Les souvenirs de Sophia sont flous pour les sept premières années de sa vie. Mais fort heureusement pour elle, sa mère ne se souvient que trop bien de sa naissance et de son enfance.
Avant toute chose, le contexte. Vincent van Saar est le directeur de l’OBIF de New York, succursale de l’entreprise Orchent Bank, Insurance & Financial appartenant à Orchent Enterprises - entre autre termes, le papa est un directeur qui pèse à son échelle mais au sein de l'empire Orchent, pas tant que ça. Sa mère, Isabel van Saar a elle un rôle bien plus modeste - elle est Responsable des Audits Internes au sein de l'OBIF - qu'elle effectue depuis New-York, bien qu'elle soit amenée à voyager régulièrement.
Ladite Isabel van Saar était en train de se préparer pour une soirée post-séminaire à Las Vegas - organisée par son mari, Vincent - lorsqu'une surprise de taille survint : elle venait de perdre les eaux.

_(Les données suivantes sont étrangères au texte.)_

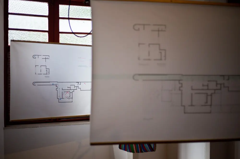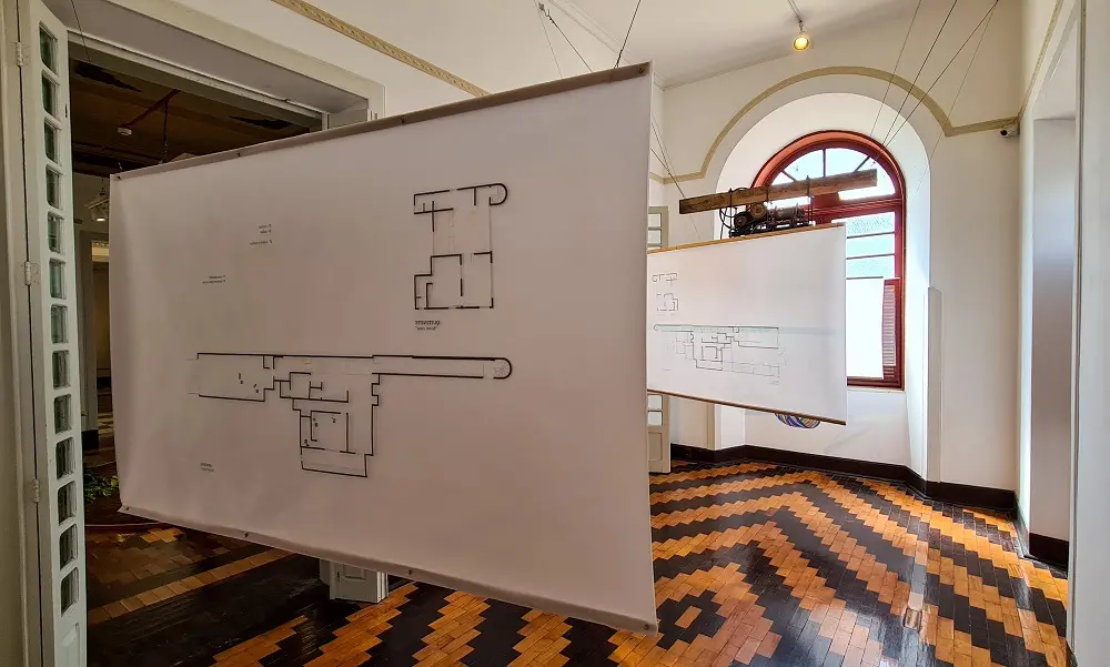 “A instalação traz à tona uma discussão sobre o espaço, de como a gente o constrói de maneira subjetiva, uma vez que as plantas baixas – apesar de serem um código usado na Arquitetura – compõem a instalação trazendo muito mais a localização de invenções do que elementos construtivos em si”.
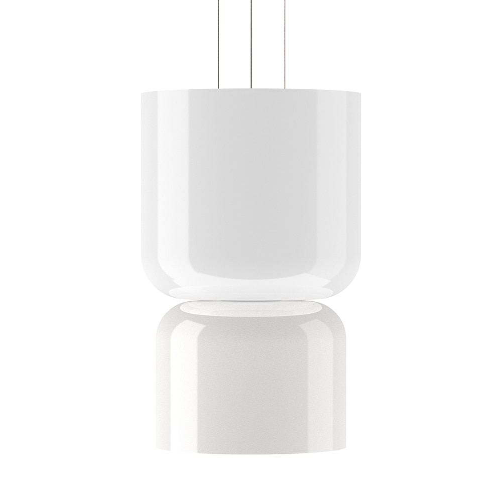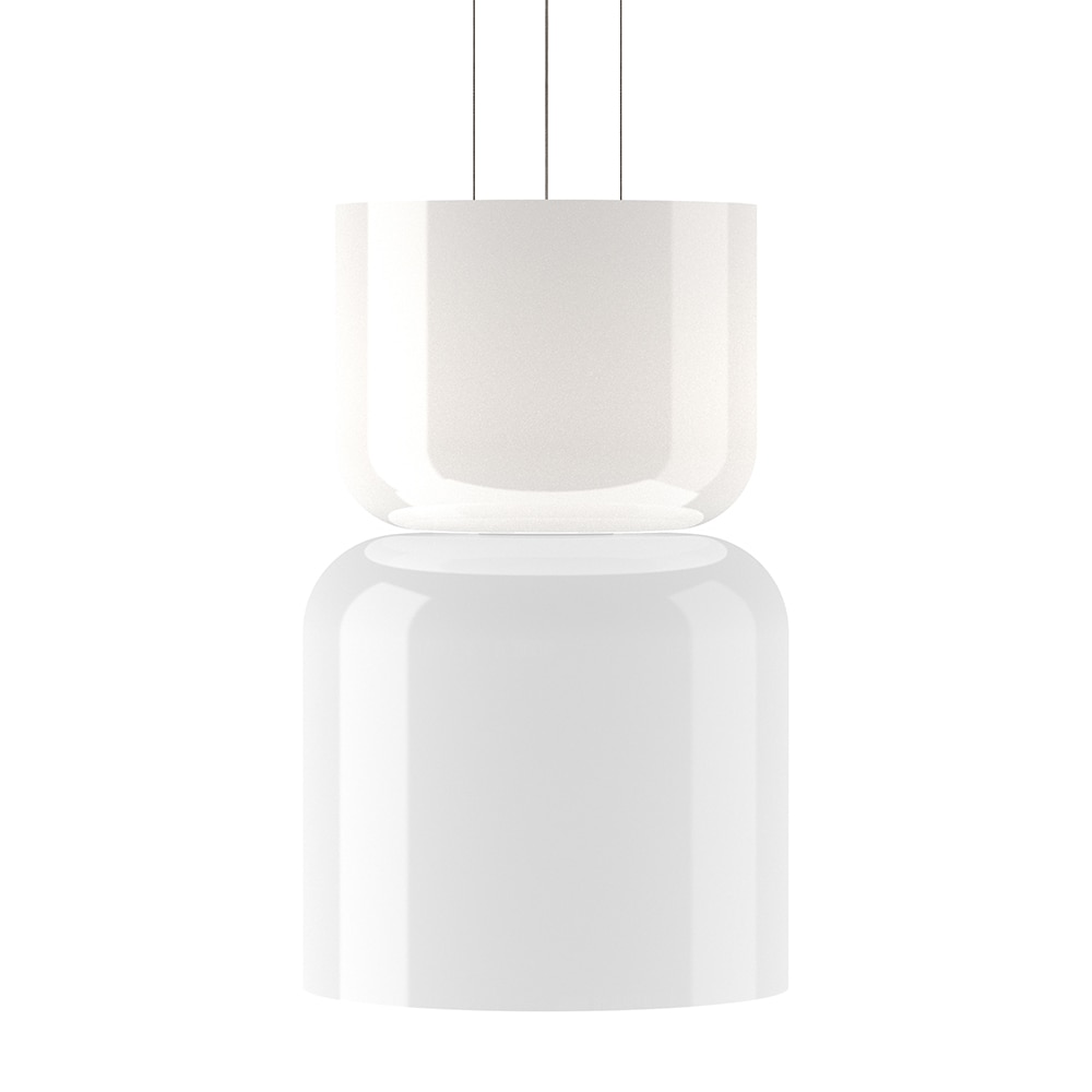 Suspension lamp with a dual aluminium shade, available in two configurations. Multiple matte lacquer finishes available that produce unique combinations. Center ring in black finish. Black cable. Direct and diffused light.

Après un trajet express à l'hôpital et surtout un mois avant la date prévue de sa naissance, la petite Sophia vit le jour.
Le bébé grandit en un enfant un brin turbulent qui, malgré ses propres tentatives de faire preuve de bonnes manières, avait une fâcheuse tendance à être distrait. Sophia souffrait d'un trouble déficit de l'attention avec hyperactivité. Autrement dit, impossible pour elle de se concentrer plus de cinq secondes ou de rester sagement à un endroit comme l'aurait aimé ses parents. Ces derniers, soucieux de lui faire suivre une éducation adaptée mais surtout élitiste dans le but qu'elle puisse reprendre les affaires de son père, l'envoyèrent chez Israfil Omardha.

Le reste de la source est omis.